US State Dept Publicly Says "Ukraine Is Winning the War" Against Russia

Not that this is a definitive assessment, coming, as it does, from an administration that firmly believes everyone is entitled to their own facts, but it certainly betrays a shift in perceptions - and in the odds. 

The US President has a history of wanting to take credit for success and to distance himself - or blame others - for failure. This proclivity is so well known that reports indicate the Russian military is concerned this White House may reverse course and start sending weapons and ammunition to Ukraine so that the US President can claim a resulting victory as his own.
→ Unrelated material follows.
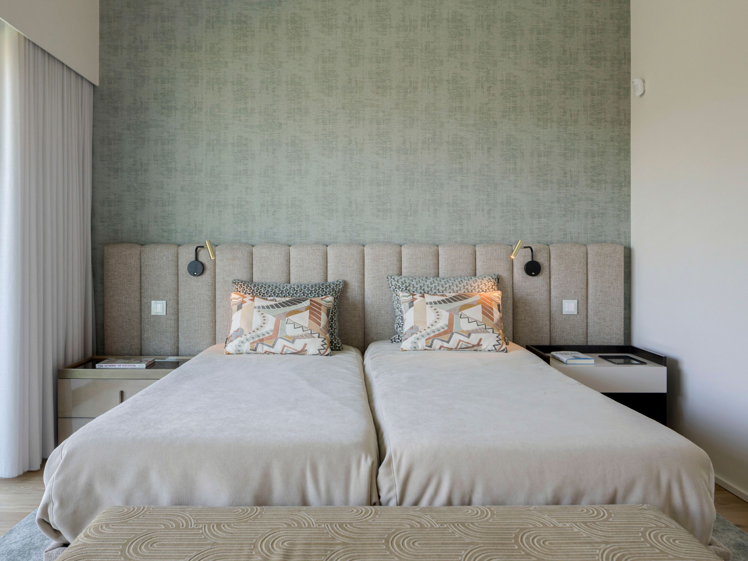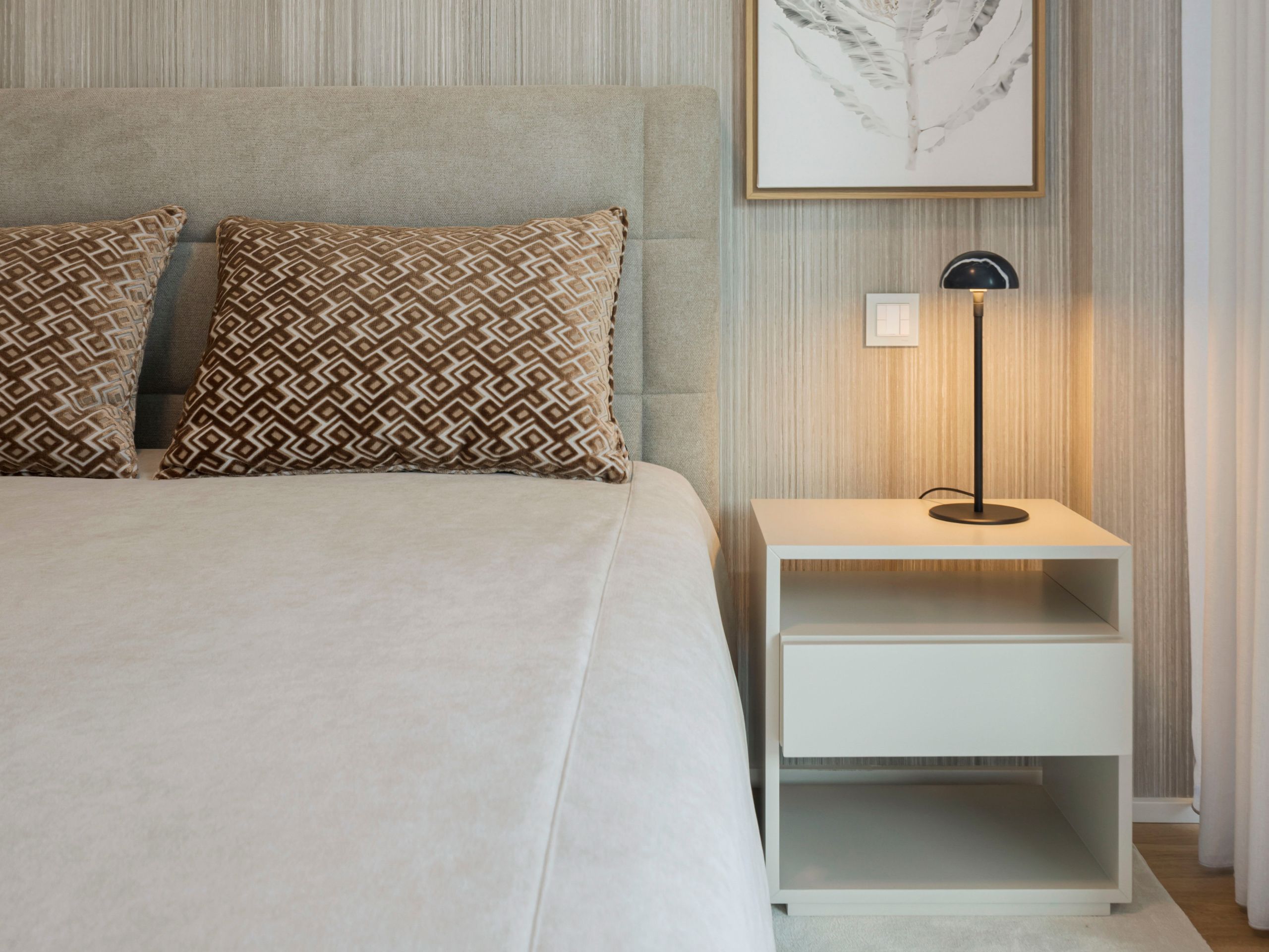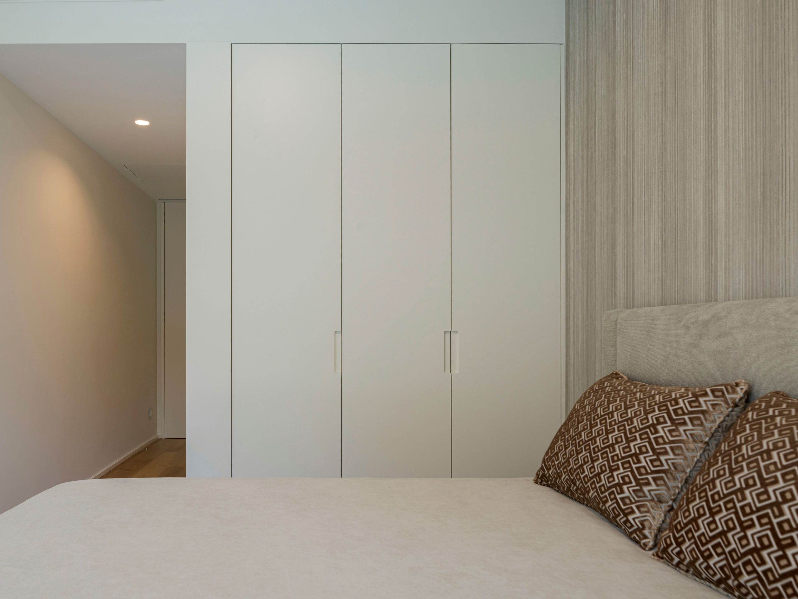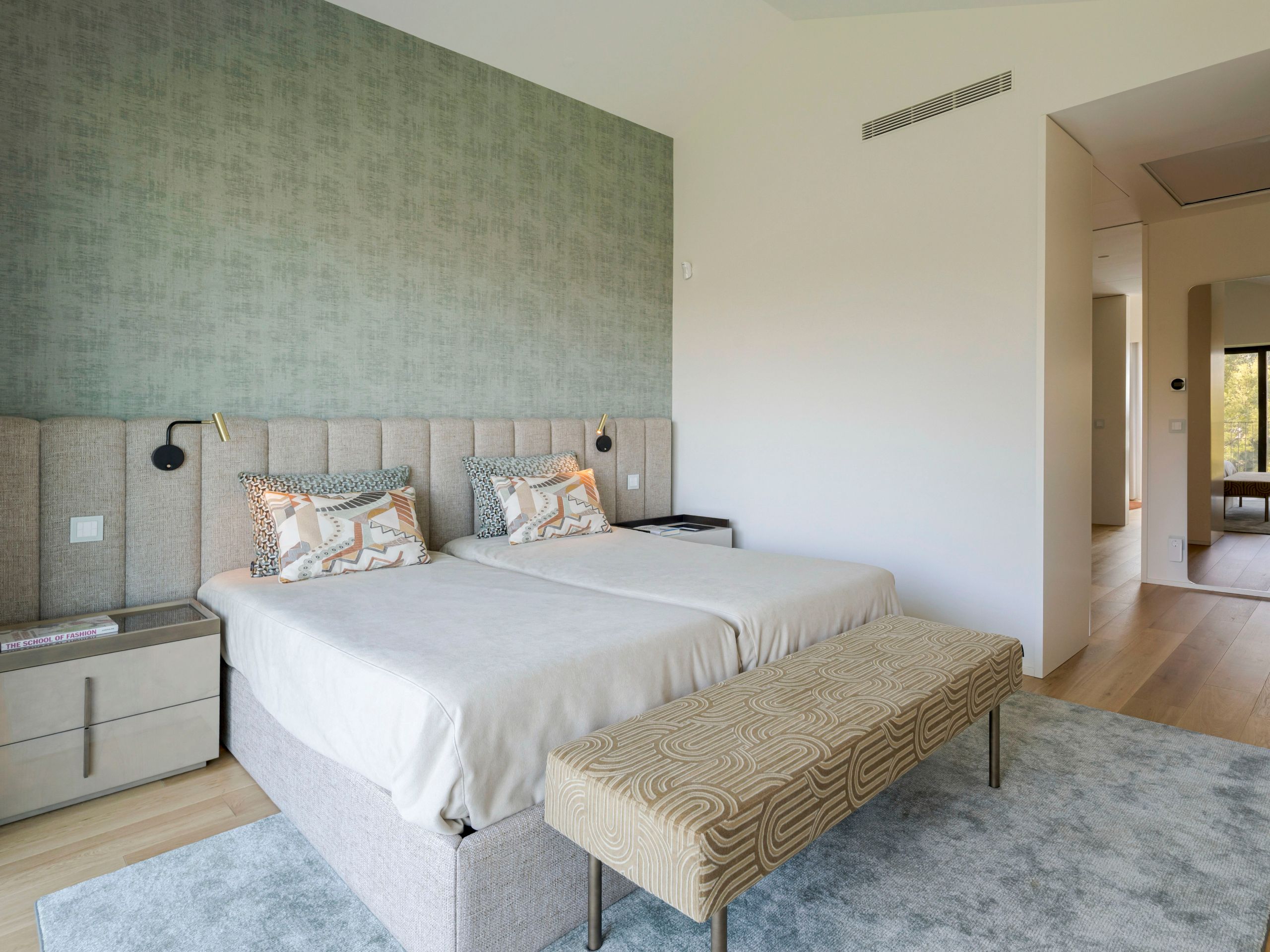 In the private areas, the design shifts toward a more intimate and serene expression. The master suite is filled with natural light, which enhances the softness of the materials and reinforces a calming atmosphere.

The larger point is that the global consensus about momentum as well as the facts on the ground, sea and in the air has now shifted to Ukraine. JL

Decimus reports in Daily Kos and the Institute for the Study of War reports:

President Trump and US Deputy Secretary of State Jeremy Levin stated June 25 that Ukraine currently has the battlefield advantage, saying "Ukraine is winning the war." Ukraine's long- and medium-range strike campaigns against Russian military and energy infrastructure in occupied Ukraine and Russia along with Ukrainian advances in Winter and Spring 2026 are dismantling the Russian false narrative portraying Russian victory as inevitable. Russia has accused the US of failing to deliver on “understandings” reached between President Putin and President Trump at their Alaska summit last August - though they did not provide specifics - signaling growing frustration in Moscow. Now, “after getting to fully understand the Ukraine/Russia Military and Economic situation,” Trump said he believes Ukraine – backed by the EU and NATO – can win back all its territory.